## PROBLEM DETAILS
Please retype the data in full and exactly; the pictures are not part of the copy.

## INFORMATION SUPPLIED
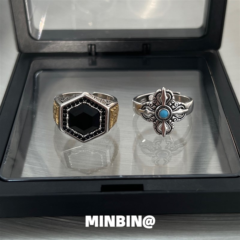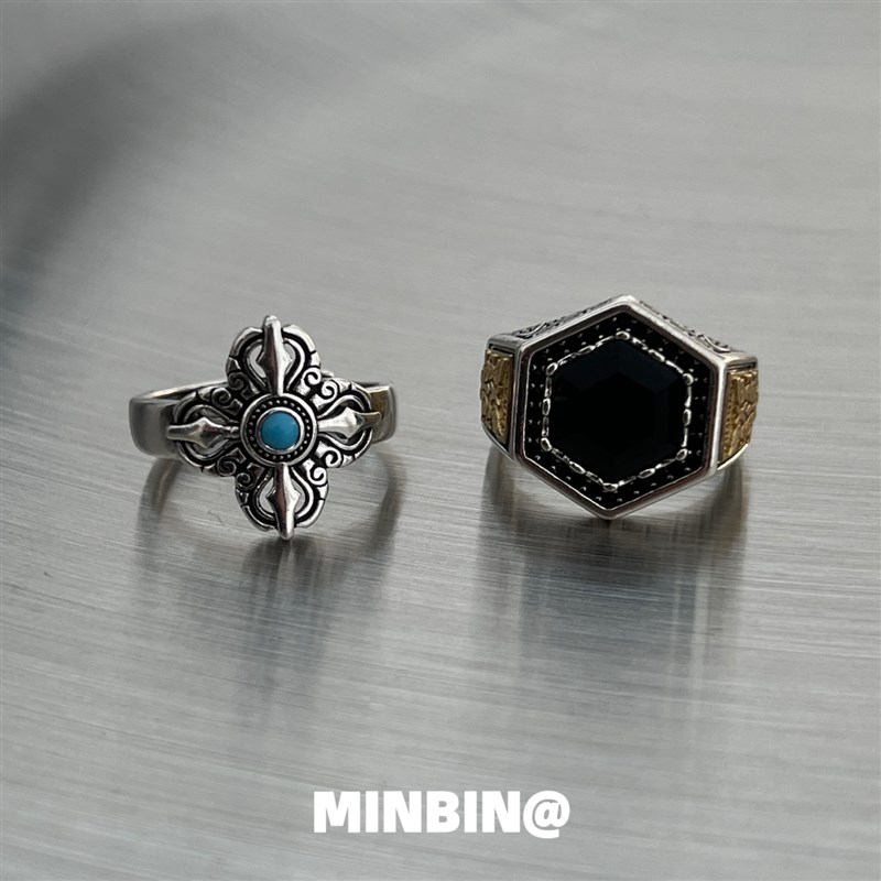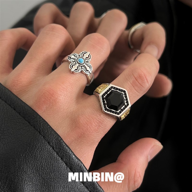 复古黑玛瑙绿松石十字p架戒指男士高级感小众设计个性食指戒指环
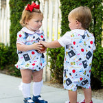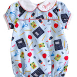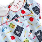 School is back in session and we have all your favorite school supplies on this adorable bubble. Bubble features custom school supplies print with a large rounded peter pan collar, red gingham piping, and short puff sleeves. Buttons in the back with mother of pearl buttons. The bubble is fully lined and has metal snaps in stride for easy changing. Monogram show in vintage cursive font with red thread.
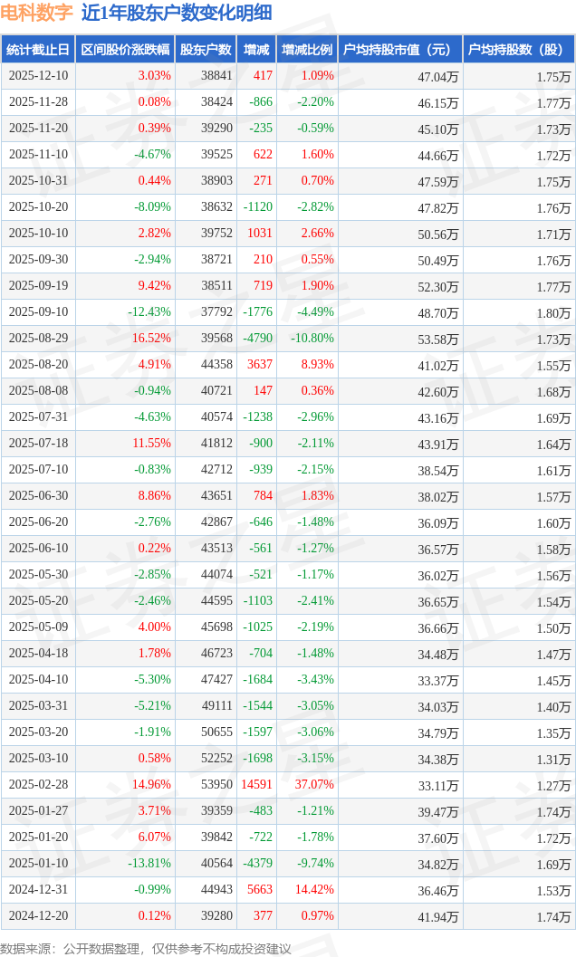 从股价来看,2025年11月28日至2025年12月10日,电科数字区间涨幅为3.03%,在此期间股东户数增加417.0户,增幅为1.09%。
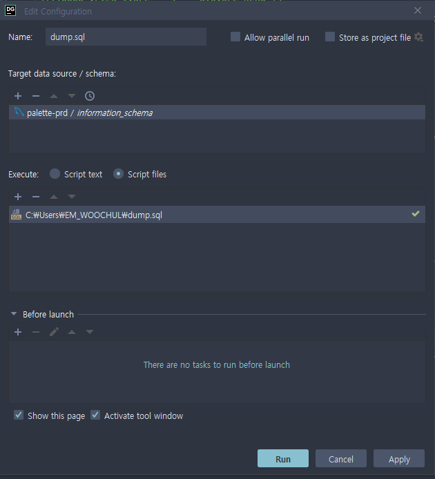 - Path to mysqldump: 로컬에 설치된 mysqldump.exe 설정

## RESPONSE AREA
 复古黑玛瑙绿松石十字p架戒指男士高级感小众设计个性食指戒指环
 School is back in session and we have all your favorite school supplies on this adorable bubble. Bubble features custom school supplies print with a large rounded peter pan collar, red gingham piping, and short puff sleeves. Buttons in the back with mother of pearl buttons. The bubble is fully lined and has metal snaps in stride for easy changing. Monogram show in vintage cursive font with red thread.
 从股价来看,2025年11月28日至2025年12月10日,电科数字区间涨幅为3.03%,在此期间股东户数增加417.0户,增幅为1.09%。
 - Path to mysqldump: 로컬에 설치된 mysqldump.exe 설정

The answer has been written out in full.